# New sprinkler pipe



## beach (Apr 21, 2011)

Is anyone familiar with this product? We have an application for alternate methods and materials where the applicant wants to use it for their sprinkler system.

Here's the info, it looks like a pretty nice product, however the UL listing is pending...

http://www.rpi-na.com/technical.html


----------



## cda (Apr 21, 2011)

I think my approval would also be pending

Till listed or tested to your comfort level


----------



## fatboy (Apr 21, 2011)

I'd have to agree with cda...........


----------



## FredK (Apr 21, 2011)

The system is based on a fibre reinforced polypropylene pipe (faser composite pipe)

produced in a multi-layer extrusion process.

Wonder how this will go with the energy code wanting more skylights in 12-15 codes?

UV resistance

Pipes from fusiolen® PP-R FS should not be installed (without protection)

where subject to UV-radiation. All firestop-pipes and fittings are supplied in

UV-protected packaging to bridge transport and assembly time. Ultraviolet

rays have an influence on all high polymeric plastics. Hence, pipes should not

be stored unprotected outside for a long time. The maximum storage time

is (outside) 6 months.


----------



## AegisFPE (Apr 21, 2011)

The "Product Updates" in the OP link show that their "firestop" line is FM approved (see page 8).

Looks like it's just a different color, red pipe instead of green pipe, both by "Aquatherm."
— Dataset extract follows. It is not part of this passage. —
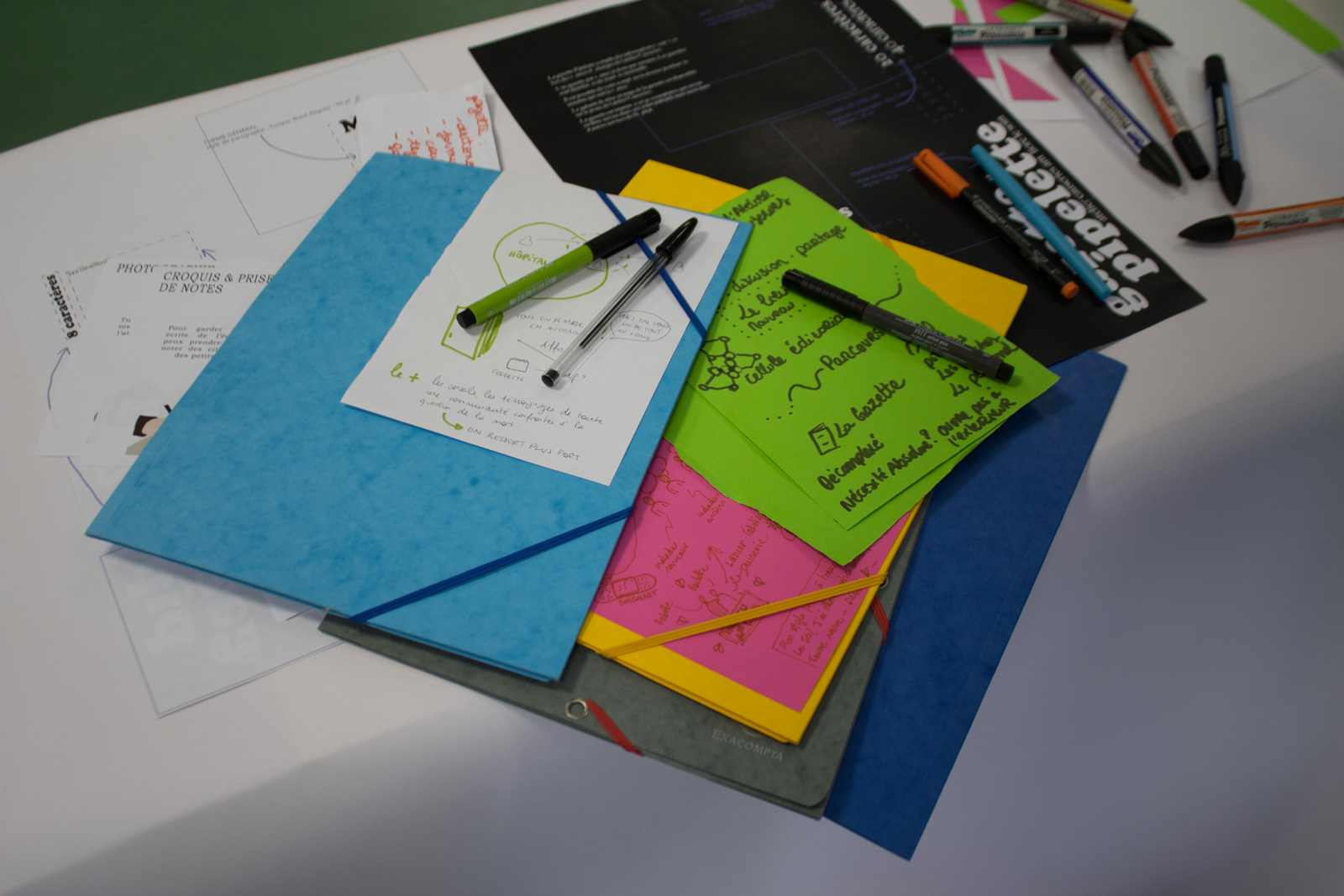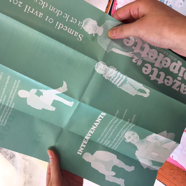Cet espace est organisé en plusieurs îlots distincts auxquels sont attribués des étapes de création de traces et d’éléments afin de créer une gazette qui compile toutes les informations collectées. C’est la gazette Pipelette. Cette gazette est éditée après chaque atelier, soit un par semaine. Son principe de création est pensé pour être en entière autonomie, avec les éléments créés par les acteurs de l’espace.

Aquatherm "Greenpipe" Fusiolen PP-R pipe and fittings are apparently approved with FM 1635, approved April 30, 2010, Approval Identification 3036285.


----------



## cda (Apr 21, 2011)

http://www.fmglobal.com/assets/pdf/fmapprovals/1635.pdf

check 1.2.4

""""The "Product Updates" in the OP link show that their "firestop" line is FM approved (see page 8)."""

interesting I would ask for complete documentation from FM, for review


----------



## beach (Apr 21, 2011)

Thanks CDA, I couldn't find any FM listing for it............. I'm not going to approve it unless it's listed.


----------